Последнее время царь чувствовал себя скверно. Возможно, давало о себе знать огромное напряжение, возможно, неумолимые годы уходили прочь, оставляя, как память о себе, мстительные отметины. Египетские и финикийские целители прописали царю специальную диету и кровопускания; поили строго по времени отварами из целебных трав; растирали его слабеющее тело мазями, изготовленными из внутренностей и костей редких животных. Соломон стоически переносил все процедуры, понимая или догадываясь, что истинная причина его болезни кроется в нем самом.
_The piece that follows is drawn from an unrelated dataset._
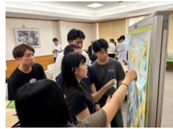
プレゼンに向けて情報整理をするゼミ生
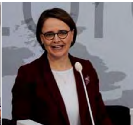
Annette Widmann-Mauz, Parlamentarische Staats- sekretärin im Bundesgesundheitsministerium

Пока строился Храм, царский дворец, Дом Правосудия, возводились города и укреплялись крепостные стены, царь не позволял себе расслабиться, отвлечься хотя бы на короткое время, чтобы разобраться с мыслями своими и сомнениями. За короткий срок, в два десятка лет, Израиль достиг невиданного могущества: разнообразная торговля — лошадьми, оружием, медью, экзотическими животными, зерном и оливковым маслом; золото, добываемое в копях земли Офир; налоги, взимаемые с областей и торговых караванов; армия, оснащенная самым современным оружием, сделали страну неуязвимой и недосягаемой. Каждый год на шестьсот шестьдесят шесть талантов золотом и драгоценностями пополнялась казна Соломона, и каждый год, по мере наполнения казны, скудело, опустошалось его сердце. Недоступность царя для прочих смертных, невиданные успехи, достигнутые во всем, к чему прикасались его воля и ум, сделали Соломона абсолютно одиноким, словно он был заживо похоронен в склепе, построенном собственными руками из коварной паутины тщеславия и гордыни. Был великий царь Соломон — мудрейший из мудрых, и были все остальные, отделенные от него непреодолимой пропастью. Именно эта пропасть была причиной болезни царя, болезни не физической, а душевной. Соломон, поднявшийся на недосягаемую вершину, незаметно для себя самого прошел точку невозврата, и это поселило в сердце его тоску и отчаяние…

— Да, давно не виделись, великий царь, — кивнул головой Иосафат, тяжело дыша после поспешного подъема по крутым ступеням царского дворца.

Соломон внимательно рассматривал писателя. Иосафат постарел, сильно постарел. Тело расплылось особой старческой дряблостью, предвестницей близкого окончания земного пути. Седые, поредевшие волосы ниспадали спутанными прядями на желтое, покрытое родинками и пятнами лицо; глаза сузились, запали, полускрылись рыхлыми припухшими веками… но, несмотря на это, блестели живым, почти юношеским интересом к жизни.

Эх, мне бы так, — с завистью подумал Соломон. — Сдал старик, конечно, сдач. Ишь, никак отдышаться не может. Но глаза, глаза! Нет, это не тот Иосас/ют, который еще несколько лет назад умирал от страха, когда я поручил ему подготовить летопись… Да, поверил в силу свою писатель. Вот, что значит достойное дело! Эх, мне бы так… мне бы так…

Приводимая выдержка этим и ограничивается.